Now he was flanked by two captains, young Mithlander men who possessed a fine mix of both brains and brawn.  The three of them stared at the great map before them, spreading across the low wooden table, dogged and covered with tears and rents.  It was here that they coordinated their plans, devised feints and supply lines and pincer attacks.

Cormer gestured to a hilly area that they knew lay to the north.  "My scouts here report movement," he said, biting his lip.  "It is fair to say that there is a nest, more like than not, here near the Gash.  If we come upon them from the west and south, we can push them towards the coast.  Push them into the Elvinmere, crush them there."

Jorem nodded, grunting in the affirmative.  "Yeh, very good.  Caught between hammer and anvil."  He turned to the last man.  "Renard, what say you?"

The captain nodded enthusiastically.  "An excellent plan, Captain Cormer.  It is very good..." he paused as another joined them.  "Ah, Hawkes," Renard ventured instead, perhaps a little too brightly.  His eyes darted from the newcomer to the General, whose scowl deepened.

Hawkes did not wear the fabulous, flamboyant clothes of the others.  In fact, he had the tanned face of a farmer and the simple, drab clothes to match.  The thing that arrested people's attention to him were his eyes, large and intense.  Their colour was undecided, shifting from green to blue to grey as he turned to take them all in.  Wavy black hair and an curt unsmiling mouth bordered them on top and below, while pointed ears that marked him as one of the Mulanan, the mixture of Man and Aelv, bordered them from the sides.

Jorem had no love for the Northlander.  "What?" The question was more a belch.

Hawkes stared at him a moment longer, drinking him in with his eyes.  Jorem was unsettled by that piercing stare.  the look of a hunter.  Carefully, Hawkes stepped forward, staring down at the map.  "How will you get the goblins out of their nest?" he asked.

Jorem stared at the man before him as if he were a dullard.  "How?  The same way we've gotten the rest!  Smoke them out, slaughter them.  This is not that hard, uh?  Even for you, yeh?"

Hawkes ignored the insult.  "We came across some very shallow nests, ones where the goblins had begun to advance.  From all accounts, these burrows have been here much longer.  The goblins have had time, time to plan.  And with this army here tromping about, they must know we're coming."

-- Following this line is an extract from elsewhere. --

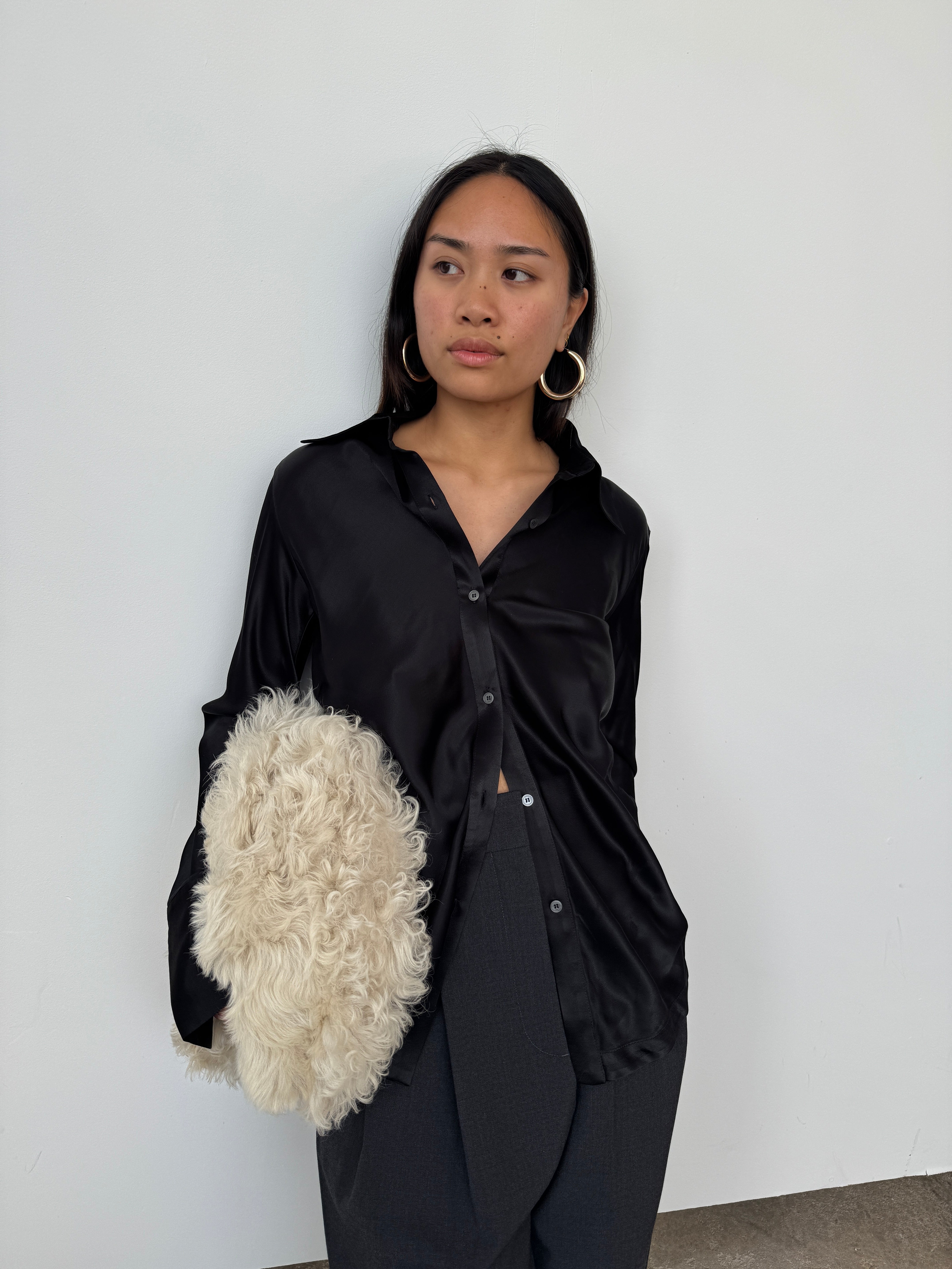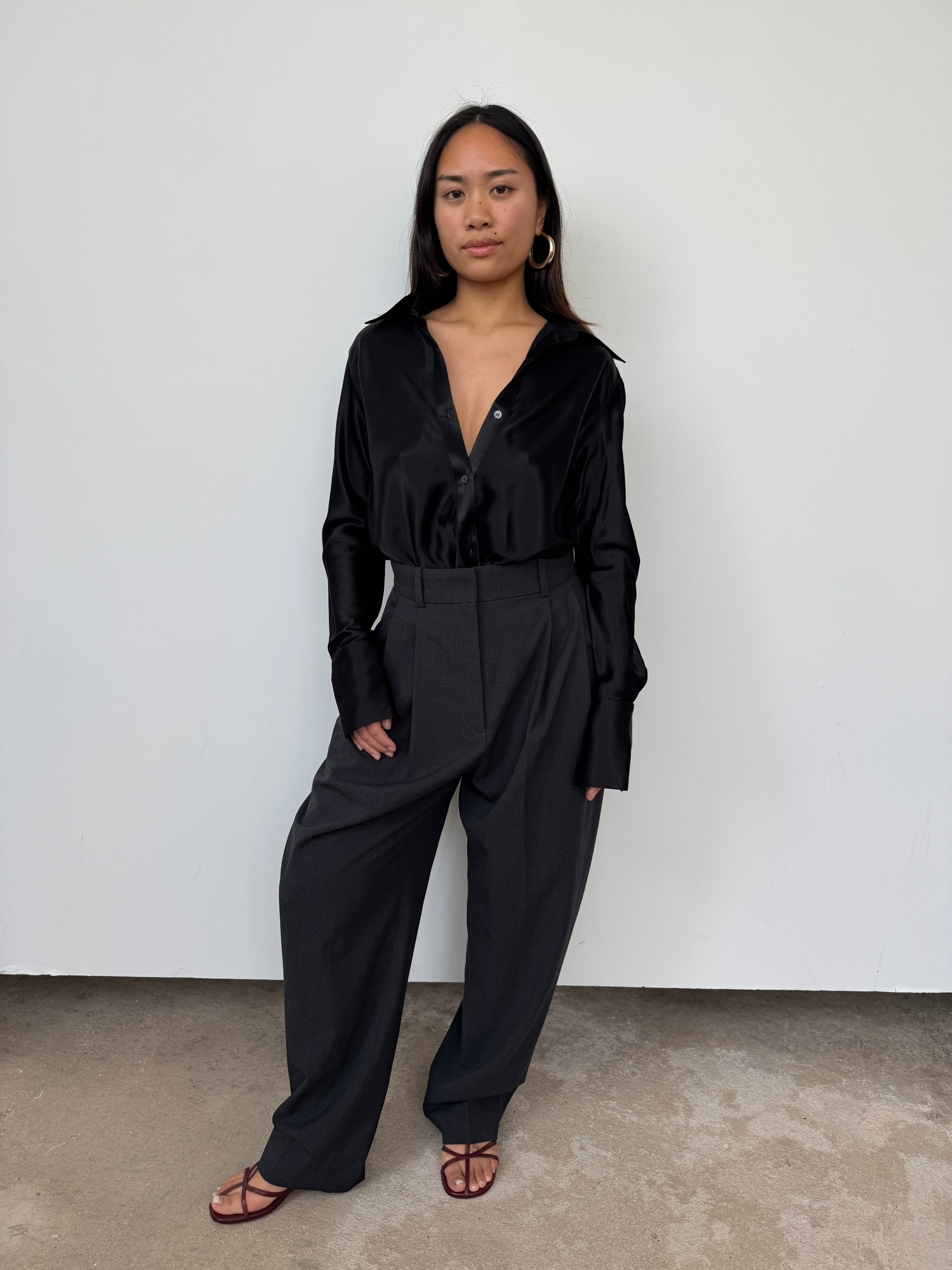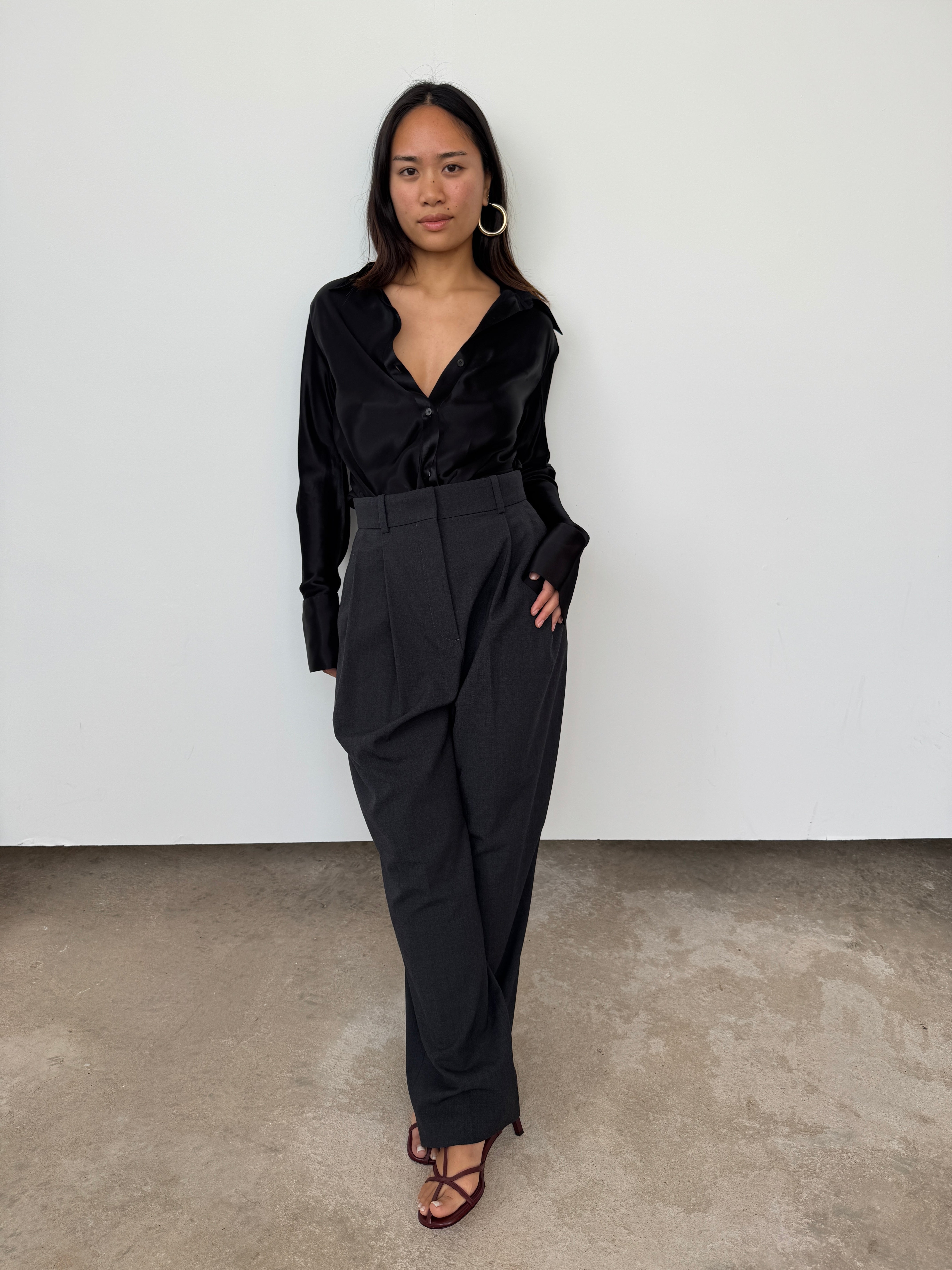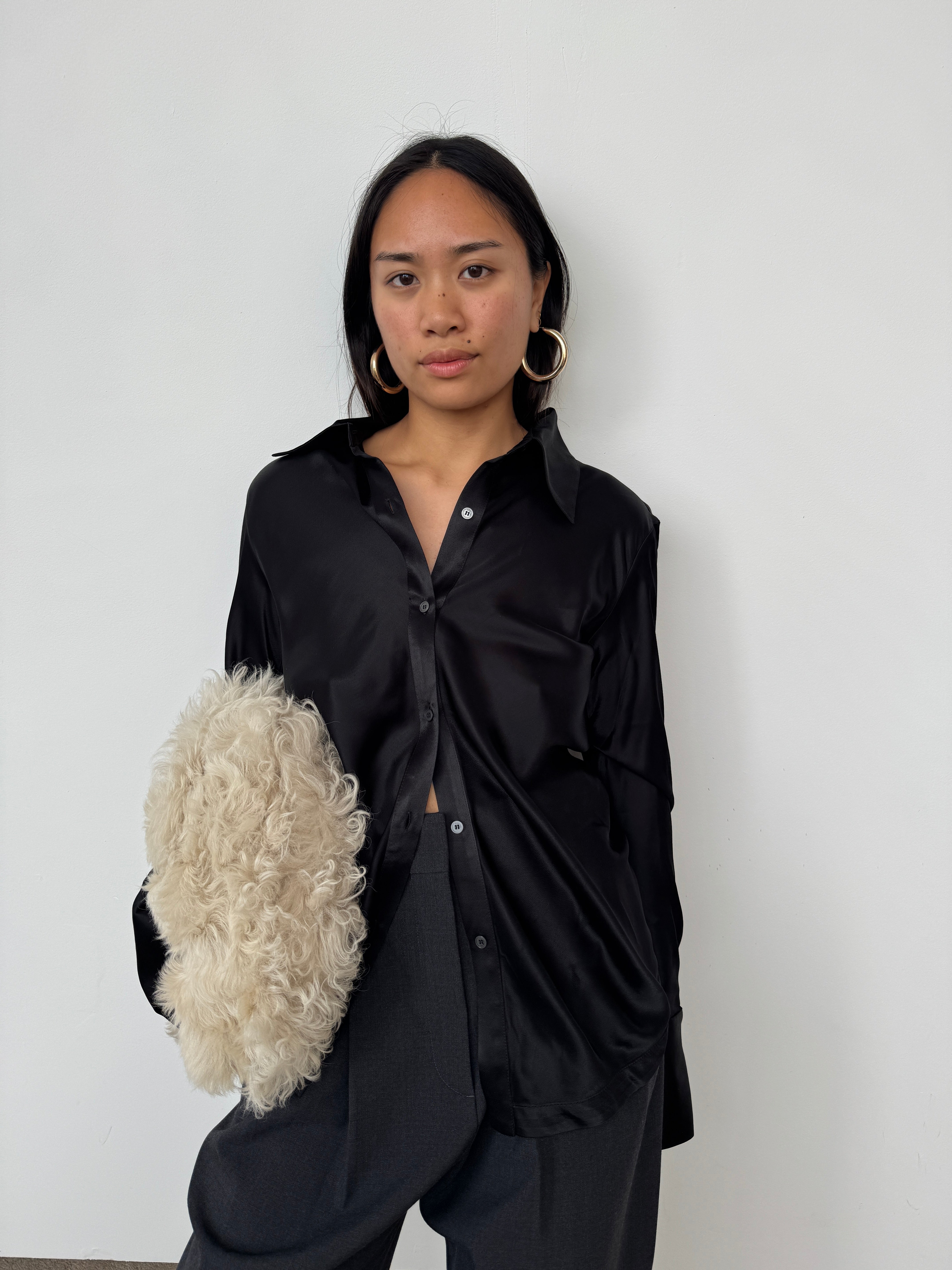 The Eudon Choi Serena shirt has been crafted from a luxurious viscose satin blend. The expertly tailored silhouette cinches gracefully at the waist, creating a flattering, feminine shape that transitions effortlessly from tucked to untucked styling. A versatile piece that elevates any wardrobe.

Jorem waved his hand dismissively.  "It doesn't matter.  It will be Mithlander steel against a few rabid under-men."

"Aren't you concerned with the rapid expansion of the goblins?  Don't you think that something is amok?  Five years ago a goblin in these parts was unheard of... and now we have nest after nest?"

"They rut like rabbits, all know that," Renard replied defensively.  But Cormer didn't look as convinced.

"Something must be causing it, something we are unaware of," Hawkes went on, oblivious.  "And we shouldn't act without this information.  I think we should..."

"Enough!" thundered the General, livid.  All eyes were on him.  Even the passing soldiers had stopped in their tracks to see what the commotion was.  "You serve your king, do you not you?"  Jorem knew, in fact, that King Everest was close friends with this vagrant peasant soldier.  Hawkes nodded.  "Then you will obey his Generals.  I won't remind you that you and your band were placed under my command."  Defeated, Hawkes nodded again.  The general swelled with a certain arrogant pride at himself.  Before he could doubt himself, he turned to his captains.

"Tell the men to strike the tents and prepare for a march.  We march at noon."


----------



## drs (Sep 8, 2002)

Great work, I loved the imagery in the first paragraph especially, keep it up.


----------